In an effort to ease the load on its main Alpha-based supercomputer, and to add more processing power to the existing 100-node Intel cluster, the Australian Partnership for Advanced Computing (APAC) has ordered another 50 Intel computers which it will bring online using in-house skills.
Dr Bob Gingold, head of the Australian National University supercomputing facility and manager of the APAC national facility, said the decision to go with single-processor, off-the-shelf hardware was the result of a benchmarking and cost assessment.
“We did extensive benchmarking into the amount of processing power gained by having dual-processor nodes,” Dr Gingold said. “The amount you gain out of the second processor may be as little as 1 per cent, but on average it’s about 30 per cent.

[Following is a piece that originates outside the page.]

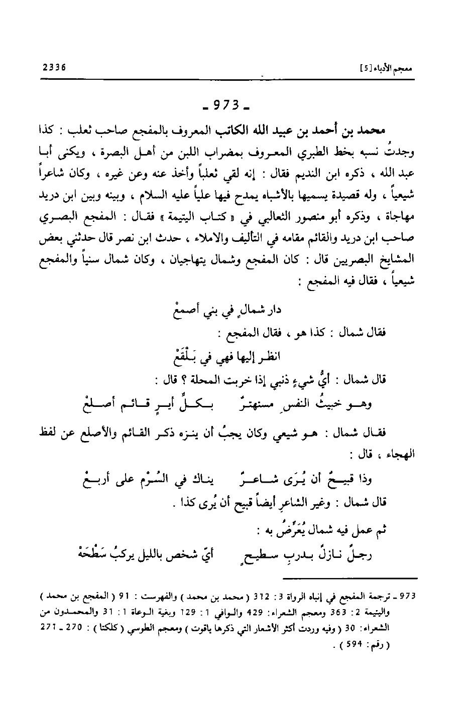 (973) - ترجمة المفجع في إنباه الرواة 3: 312 (محمد بن محمد) والفهرست: 91 (المفجع بن محمد) واليتيمة 2: 363 ومعجم الشعراء: 429 والوافي 1: 129 وبغية الوعاة 1: 31 والمحمدون من الشعراء: 30 (وفيه وردت أكثر الأشعار التي ذكرها ياقوت) ومعجم الطوسي (كلكتا) : 270- 271 (رقم: 594) .

This is mainly due to memory limitations.”
Gingold said the best “bang for buck” is achieved with single-processor nodes as Intel Xeon systems which have two processors are more expensive.
APAC originally went to tender earlier this year and purchased 100 Dell Pentuim 4 towers which it has arranged on shelves.
“Dell gave us a good deal and the cost of the cluster was not much more than a couple of hundred thousand dollars,” Gingold said. “Since space wasn’t a concern for us we didn’t need rack-mounted servers. I’m very pleased with the work my team did in arranging the towers and cabling. It only took a couple of weeks to assemble.”
With the main cluster in place and running at some 530 gigaflops, Gingold is preparing to add another 50 identical nodes to the cluster this month.
“We will be getting the next batch cheaper as that model has been superseded,” he said. “It works out less than 50 per cent of the cost of the 100 nodes. However, we do expect a 50 per cent increase in performance.”
The cluster – which is used exclusively for scientific and engineering research – runs Linux and other open source software.
“We haven’t experienced any serious problems with Linux and openpbs [portable batch system], which we use for job scheduling, is highly successful,” Gingold said. “The system is meant to be used by top-end users who are Linux savvy.”
Although the cluster is not designed for high availability, Gingold is confident it can perform reliably.
“Machines these days are reliable enough so we need not to be too concerned about whether a node goes down,” he said. “If a node did go down it would interrupt that job, but not affect the rest of the cluster.”
So far, the only hardware failure experienced was a disk failure, Gingold said.